> **INPUT MATERIAL**:
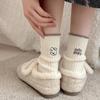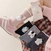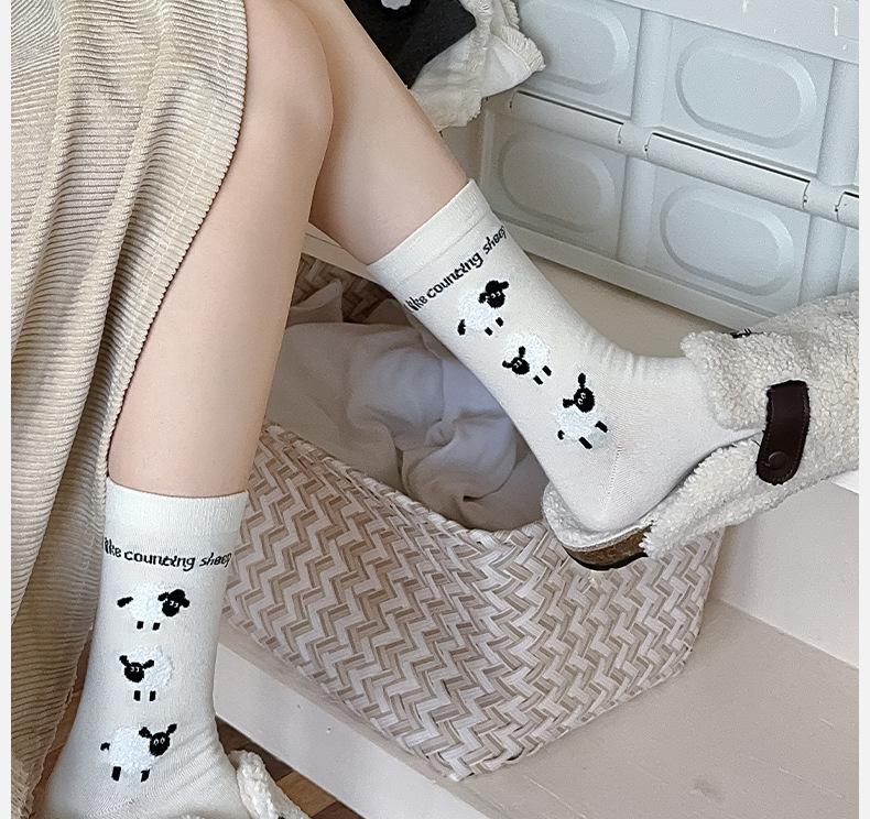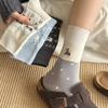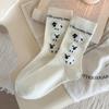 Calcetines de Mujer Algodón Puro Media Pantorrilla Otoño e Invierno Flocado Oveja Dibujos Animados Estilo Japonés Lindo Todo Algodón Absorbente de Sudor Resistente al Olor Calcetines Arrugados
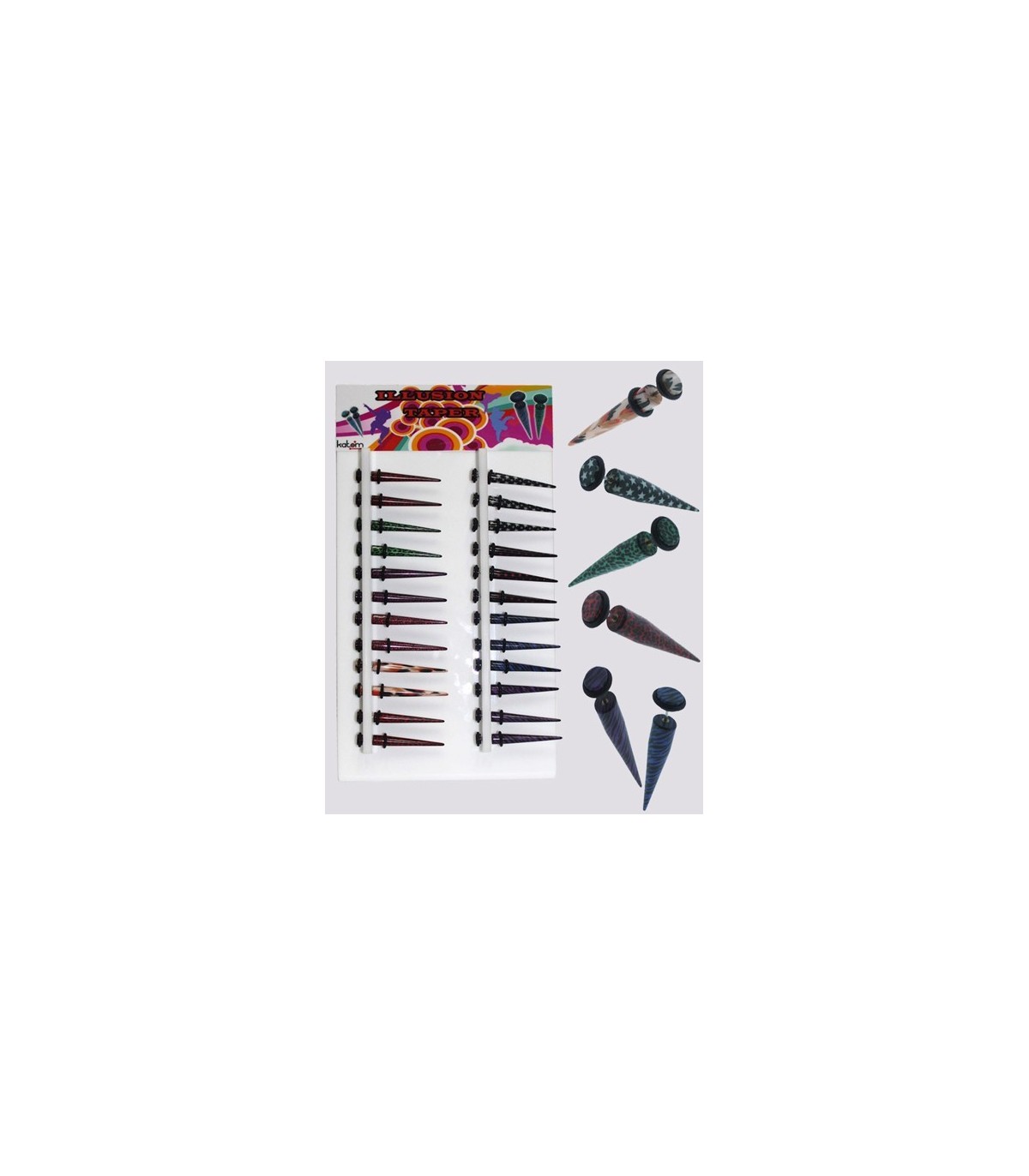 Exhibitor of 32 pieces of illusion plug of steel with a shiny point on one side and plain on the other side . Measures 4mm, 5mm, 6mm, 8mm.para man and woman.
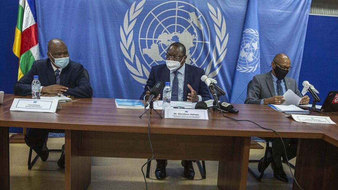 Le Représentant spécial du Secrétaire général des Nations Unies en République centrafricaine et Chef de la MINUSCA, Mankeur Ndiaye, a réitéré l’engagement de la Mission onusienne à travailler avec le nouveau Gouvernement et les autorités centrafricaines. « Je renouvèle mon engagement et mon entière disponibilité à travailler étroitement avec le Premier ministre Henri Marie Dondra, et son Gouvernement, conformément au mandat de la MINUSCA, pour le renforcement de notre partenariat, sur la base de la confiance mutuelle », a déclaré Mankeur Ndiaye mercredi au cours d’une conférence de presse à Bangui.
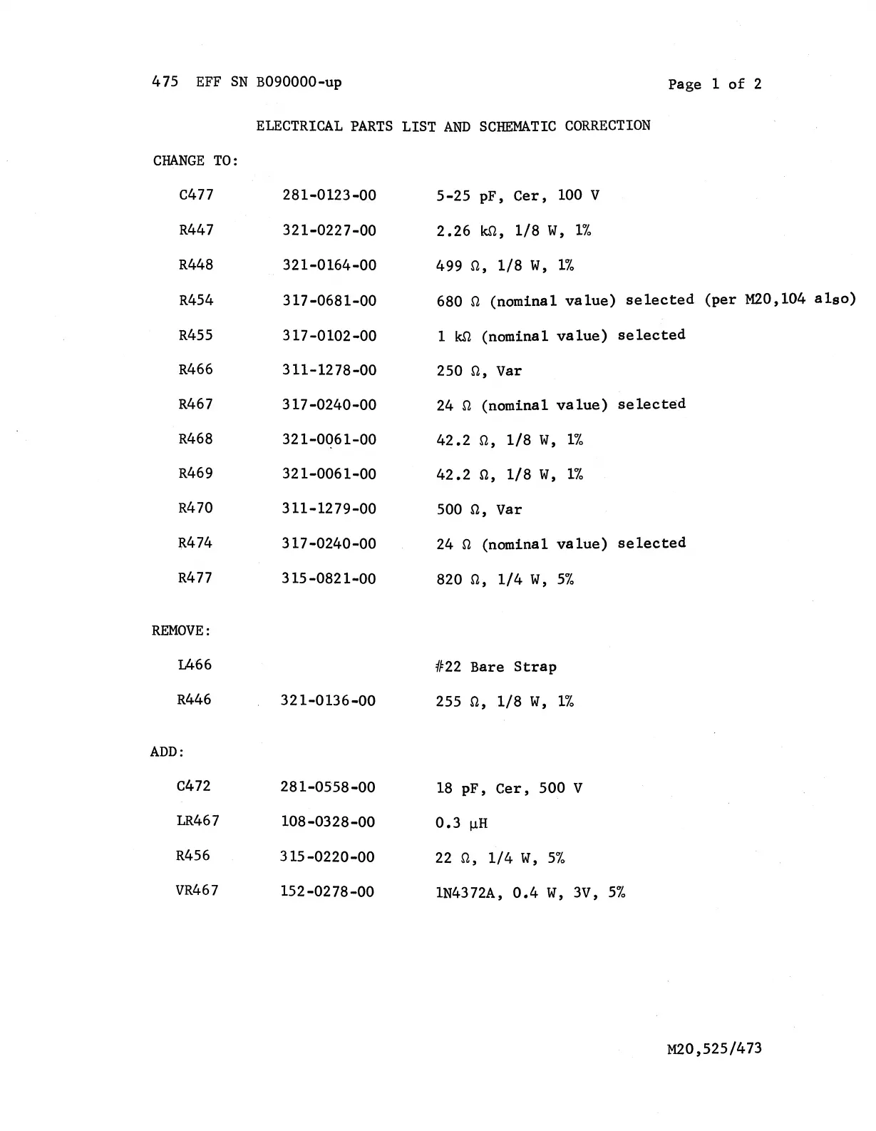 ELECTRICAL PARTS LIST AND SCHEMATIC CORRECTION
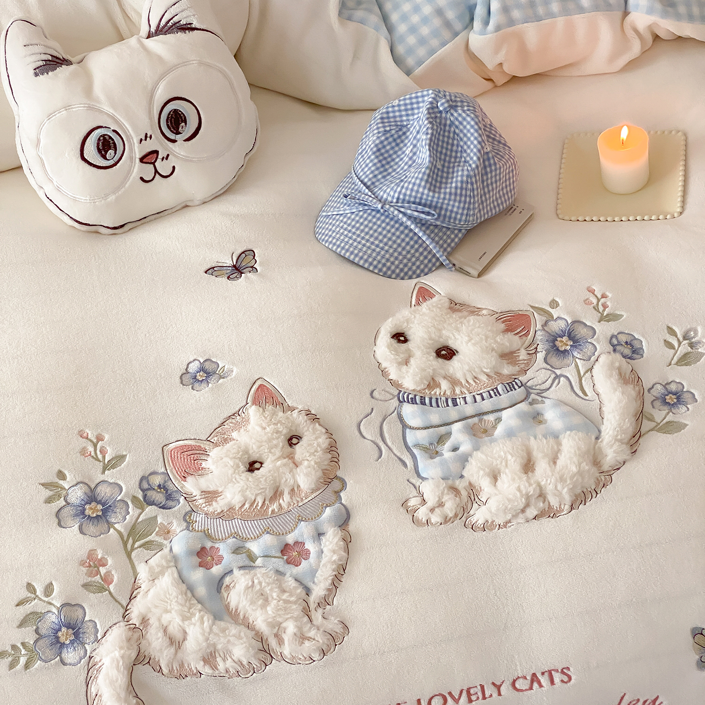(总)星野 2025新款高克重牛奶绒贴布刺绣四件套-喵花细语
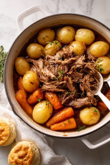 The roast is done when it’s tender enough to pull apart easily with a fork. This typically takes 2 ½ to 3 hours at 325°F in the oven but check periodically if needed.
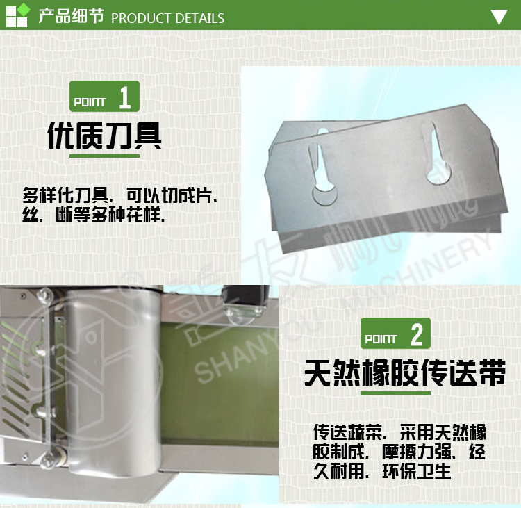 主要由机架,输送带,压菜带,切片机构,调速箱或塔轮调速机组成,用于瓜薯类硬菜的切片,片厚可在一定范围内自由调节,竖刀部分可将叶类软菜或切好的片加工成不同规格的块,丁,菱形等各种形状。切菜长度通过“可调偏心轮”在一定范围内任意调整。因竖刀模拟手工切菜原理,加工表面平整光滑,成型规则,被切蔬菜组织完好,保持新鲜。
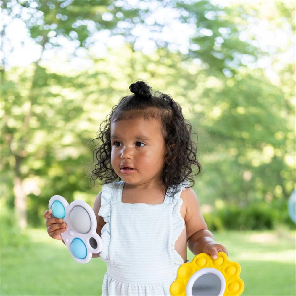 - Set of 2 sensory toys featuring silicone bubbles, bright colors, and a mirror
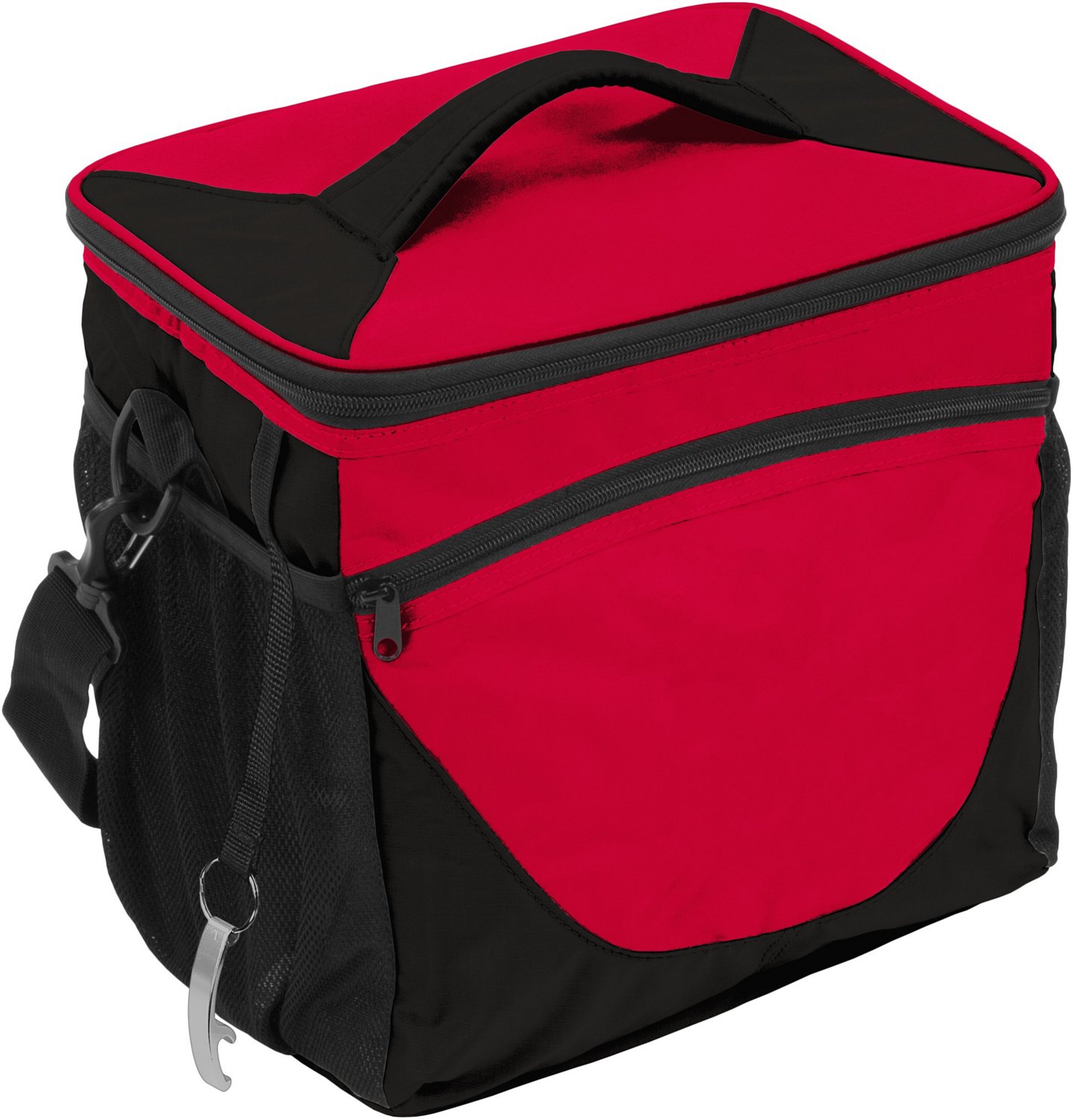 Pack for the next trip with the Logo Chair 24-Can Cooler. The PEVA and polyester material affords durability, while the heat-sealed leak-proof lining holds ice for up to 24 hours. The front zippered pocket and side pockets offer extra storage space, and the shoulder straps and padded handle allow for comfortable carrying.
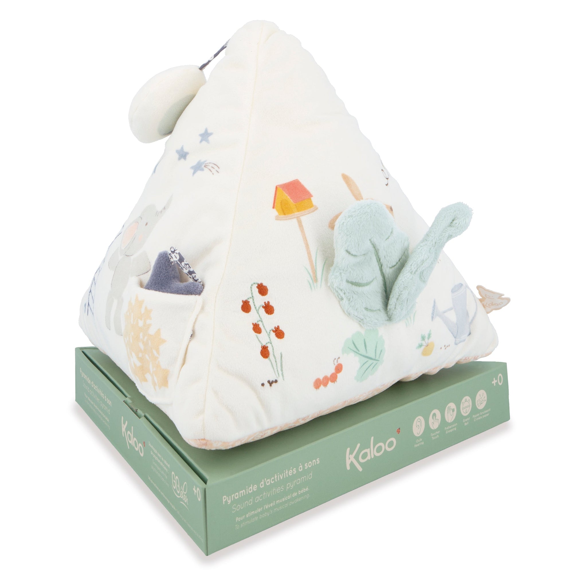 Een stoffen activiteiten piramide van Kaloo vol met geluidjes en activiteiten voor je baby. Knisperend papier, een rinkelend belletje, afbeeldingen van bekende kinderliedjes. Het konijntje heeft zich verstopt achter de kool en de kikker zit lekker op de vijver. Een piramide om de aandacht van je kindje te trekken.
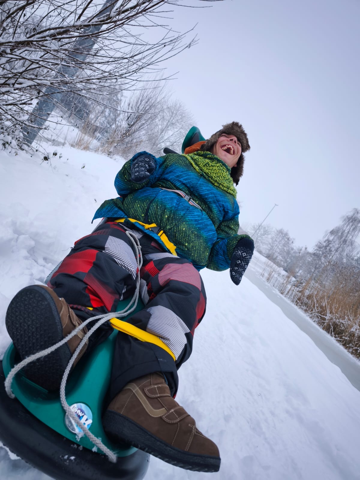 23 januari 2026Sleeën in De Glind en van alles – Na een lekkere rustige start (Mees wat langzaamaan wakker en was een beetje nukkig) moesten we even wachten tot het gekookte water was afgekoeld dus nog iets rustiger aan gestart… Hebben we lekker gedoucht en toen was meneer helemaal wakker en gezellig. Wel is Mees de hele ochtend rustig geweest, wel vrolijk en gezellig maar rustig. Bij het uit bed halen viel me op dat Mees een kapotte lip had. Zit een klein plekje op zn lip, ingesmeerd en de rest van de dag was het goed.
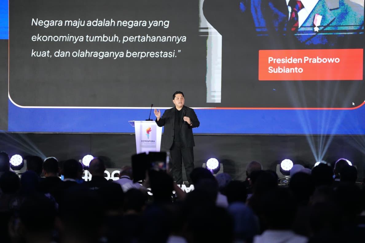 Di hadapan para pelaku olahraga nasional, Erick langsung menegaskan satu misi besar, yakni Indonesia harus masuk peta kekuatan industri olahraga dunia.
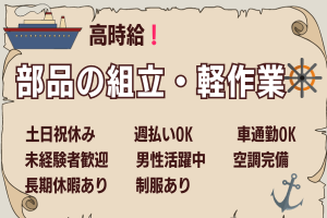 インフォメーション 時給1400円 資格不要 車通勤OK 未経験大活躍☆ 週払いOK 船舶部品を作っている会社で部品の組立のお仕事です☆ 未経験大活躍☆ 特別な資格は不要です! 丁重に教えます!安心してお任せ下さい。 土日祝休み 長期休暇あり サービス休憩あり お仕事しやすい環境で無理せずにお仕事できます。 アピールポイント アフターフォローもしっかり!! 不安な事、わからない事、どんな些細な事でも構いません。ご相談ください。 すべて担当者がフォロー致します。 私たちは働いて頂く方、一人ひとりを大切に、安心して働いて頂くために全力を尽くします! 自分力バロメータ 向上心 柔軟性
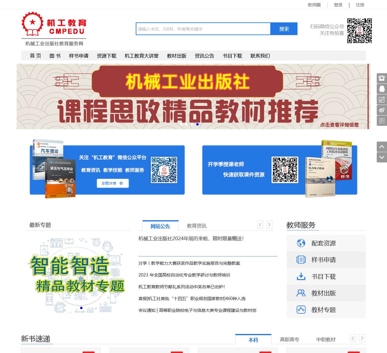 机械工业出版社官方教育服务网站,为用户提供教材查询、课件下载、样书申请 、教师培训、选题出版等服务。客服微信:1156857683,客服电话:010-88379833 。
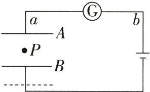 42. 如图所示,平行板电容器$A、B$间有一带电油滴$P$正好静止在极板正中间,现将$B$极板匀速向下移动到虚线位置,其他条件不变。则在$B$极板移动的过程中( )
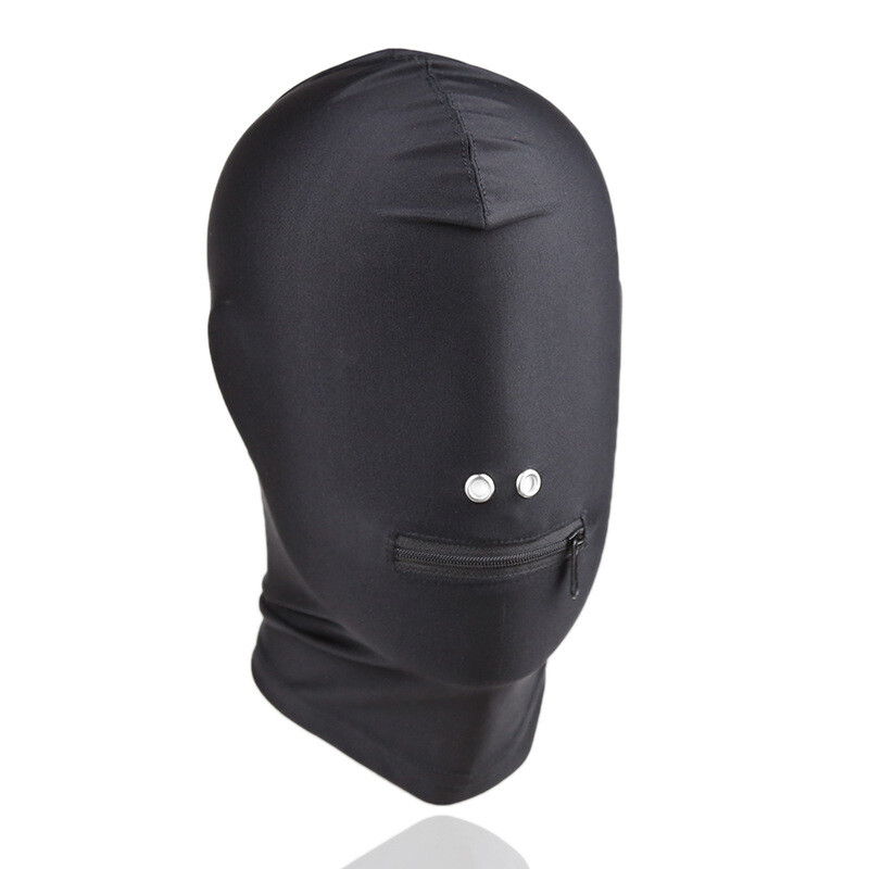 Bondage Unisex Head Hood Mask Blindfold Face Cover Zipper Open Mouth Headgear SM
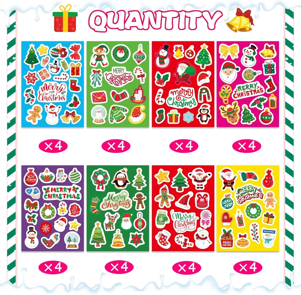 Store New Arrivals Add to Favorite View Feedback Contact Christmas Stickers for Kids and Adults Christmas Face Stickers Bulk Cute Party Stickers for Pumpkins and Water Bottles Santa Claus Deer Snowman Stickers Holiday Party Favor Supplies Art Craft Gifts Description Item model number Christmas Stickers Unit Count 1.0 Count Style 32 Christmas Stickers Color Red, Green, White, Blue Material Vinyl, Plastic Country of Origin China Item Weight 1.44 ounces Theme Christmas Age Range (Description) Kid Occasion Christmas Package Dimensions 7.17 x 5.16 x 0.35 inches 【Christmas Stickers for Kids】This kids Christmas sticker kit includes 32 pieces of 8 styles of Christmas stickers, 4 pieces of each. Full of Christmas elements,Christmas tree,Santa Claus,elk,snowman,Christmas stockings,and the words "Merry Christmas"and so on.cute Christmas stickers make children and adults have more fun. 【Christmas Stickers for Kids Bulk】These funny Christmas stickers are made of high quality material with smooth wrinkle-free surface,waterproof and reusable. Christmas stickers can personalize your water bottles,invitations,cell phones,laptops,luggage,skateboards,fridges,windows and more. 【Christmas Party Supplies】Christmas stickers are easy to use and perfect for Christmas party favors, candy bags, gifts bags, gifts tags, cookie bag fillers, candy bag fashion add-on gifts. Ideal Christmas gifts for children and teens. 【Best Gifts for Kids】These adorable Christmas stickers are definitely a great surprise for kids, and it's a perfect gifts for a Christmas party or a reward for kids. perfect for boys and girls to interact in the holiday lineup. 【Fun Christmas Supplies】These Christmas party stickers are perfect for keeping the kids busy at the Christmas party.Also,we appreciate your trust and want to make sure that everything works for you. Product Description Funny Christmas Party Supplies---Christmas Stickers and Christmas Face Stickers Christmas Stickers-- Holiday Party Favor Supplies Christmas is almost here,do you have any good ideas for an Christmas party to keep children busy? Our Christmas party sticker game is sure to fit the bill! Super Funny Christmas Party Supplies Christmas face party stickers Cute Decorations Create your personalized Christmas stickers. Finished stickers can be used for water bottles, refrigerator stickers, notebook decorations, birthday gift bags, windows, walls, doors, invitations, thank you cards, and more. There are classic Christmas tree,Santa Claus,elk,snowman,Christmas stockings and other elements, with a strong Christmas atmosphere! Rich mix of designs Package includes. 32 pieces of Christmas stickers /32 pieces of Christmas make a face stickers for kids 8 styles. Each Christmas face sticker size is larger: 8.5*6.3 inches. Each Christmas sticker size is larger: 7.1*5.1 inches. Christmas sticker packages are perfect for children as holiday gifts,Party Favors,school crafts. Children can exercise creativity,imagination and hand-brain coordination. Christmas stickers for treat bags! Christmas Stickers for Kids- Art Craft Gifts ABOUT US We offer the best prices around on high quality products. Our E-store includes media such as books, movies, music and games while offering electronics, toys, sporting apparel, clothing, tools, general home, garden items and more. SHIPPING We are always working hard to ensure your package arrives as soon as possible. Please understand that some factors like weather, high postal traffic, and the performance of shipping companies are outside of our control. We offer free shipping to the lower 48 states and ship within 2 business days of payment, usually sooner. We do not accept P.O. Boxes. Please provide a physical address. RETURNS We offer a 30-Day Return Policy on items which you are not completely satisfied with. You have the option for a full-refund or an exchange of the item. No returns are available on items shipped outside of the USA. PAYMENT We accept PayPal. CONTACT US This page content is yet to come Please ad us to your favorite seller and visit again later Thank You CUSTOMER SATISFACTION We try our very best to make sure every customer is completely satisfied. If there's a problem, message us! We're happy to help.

> **YOUR ASSIGNMENT**: Using the listing above, reproduce word for word every line from the one containing "The roast is" through the one containing "Di hadapan para". Pictures must be left out.

> **ANSWER BOX**:
 The roast is done when it’s tender enough to pull apart easily with a fork. This typically takes 2 ½ to 3 hours at 325°F in the oven but check periodically if needed.
 主要由机架,输送带,压菜带,切片机构,调速箱或塔轮调速机组成,用于瓜薯类硬菜的切片,片厚可在一定范围内自由调节,竖刀部分可将叶类软菜或切好的片加工成不同规格的块,丁,菱形等各种形状。切菜长度通过“可调偏心轮”在一定范围内任意调整。因竖刀模拟手工切菜原理,加工表面平整光滑,成型规则,被切蔬菜组织完好,保持新鲜。
 - Set of 2 sensory toys featuring silicone bubbles, bright colors, and a mirror
 Pack for the next trip with the Logo Chair 24-Can Cooler. The PEVA and polyester material affords durability, while the heat-sealed leak-proof lining holds ice for up to 24 hours. The front zippered pocket and side pockets offer extra storage space, and the shoulder straps and padded handle allow for comfortable carrying.
 Een stoffen activiteiten piramide van Kaloo vol met geluidjes en activiteiten voor je baby. Knisperend papier, een rinkelend belletje, afbeeldingen van bekende kinderliedjes. Het konijntje heeft zich verstopt achter de kool en de kikker zit lekker op de vijver. Een piramide om de aandacht van je kindje te trekken.
 23 januari 2026Sleeën in De Glind en van alles – Na een lekkere rustige start (Mees wat langzaamaan wakker en was een beetje nukkig) moesten we even wachten tot het gekookte water was afgekoeld dus nog iets rustiger aan gestart… Hebben we lekker gedoucht en toen was meneer helemaal wakker en gezellig. Wel is Mees de hele ochtend rustig geweest, wel vrolijk en gezellig maar rustig. Bij het uit bed halen viel me op dat Mees een kapotte lip had. Zit een klein plekje op zn lip, ingesmeerd en de rest van de dag was het goed.
 Di hadapan para pelaku olahraga nasional, Erick langsung menegaskan satu misi besar, yakni Indonesia harus masuk peta kekuatan industri olahraga dunia.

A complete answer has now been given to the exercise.